Sex can be tender, passionate, urgent, formal, animal, awkward, sudden, kind, brief, long, sad, alien, familiar, punitive, unselfish, inspiring, competitive, exhausting, heart-pounding, electric, empowering, embarrassing, ornate, dreamy, martial, surprising, disappointing, rambunctious, lonely, purposeful, greedy, funny, furtive, loud, languorous, acrobatic, ambitious, required, frequent, rare, once.

Or many combinations thereof. Dealer’s choice.

If I had to describe those hours with Penelope Rideout, I would start with wonderful.

45

We dressed, Penelope remarking that consensual, undrugged sex wasn’t all it was cracked up to be. I thought she was being funny, then wasn’t sure. In the living room Penelope got her house key out, then shouldered her purse. I took all four hanger loads in one hand — feeling like a strong and capable man after all that loving — and picked up the toiletries bag. Managed to turn the knob and elbow open the door.

Atlas put the gun to my forehead, walked me back, and slammed the door with his foot. His eyes were wrong and he smelled bad.

“If you go for your gun I’ll blow your brains out,” he said. “Don’t move. Don’t let go of that stuff. Penelope, you drop the keys or I’ll shoot you, too.”

I measured my chances. If I tried to draw, Atlas would have drilled out my life before the hangers hit the floor. Penelope next. The desperate energy on Pastor Reggie Atlas’s face made these things appear certain. His gun looked to be a semiauto .40-caliber with a short barrel.

“Nice to see you, Pastor Atlas,” I said.

“Don’t start in on me,” he said.

He considered Penelope briefly and I saw an expression on his face that I couldn’t fathom.
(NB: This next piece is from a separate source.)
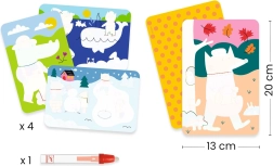 De waterkleurplaten 4 seizoenen van DJECO brengen kinderen schilderplezier zonder verf en vlekken. Na het vullen van de pen met water verschijnen er stap voor stap verborgen details op de kaarten – na het drogen verdwijnen ze weer en kan de pret opnieuw beginnen. Deze activiteit bevordert de fijne motoriek, concentratie en verbeeldingskracht.

I heard Penelope’s keys hit the floor behind me. I dropped the clothes and the bag of toiletries well away from my feet.

Atlas lowered his aim to my chest. The gun was shaking. “I didn’t tell you to do that,” he said.

“Reggie,” said Penelope. “You stop this right now.”

“Leave your hands up and out like that,” he said to me. “And remember how far away from your gun they are. Remember that.”

In the academy, they teach you to keep them talking.

“Been waiting long?” I asked.

“Cruising, mostly,” he said. “I had this vision you two would be together here tonight. I’m still capable of visions.”

“You must have seen PBS, too,” I said.

“Yes.” He sneered at Penelope. “You, so eager to tell Daley’s story.”

“Atlas,” I said. “What you want is to not spend the rest of your life in prison for murder.”

“And how do I go about that, considering I’m going to kill you both?”

His gun barrel was now moving in a small slow circle, my chest the bull’s-eye. Sweat filled the lines of his face and he wiped his brow with his free hand. His wad of fine blond hair was soaked at the temples and the stink of fear came off him.

“Haven’t you already destroyed enough for one lifetime?” asked Penelope. “Go. Go away, Reggie Atlas.”

“I gave you everything you love,” he said. “I gave you the true path and a child.”

“It astonishes me every day that she could have come from you,” said Penelope.

A minor smile on Atlas’s face, then, filled with what looked like genuine pride.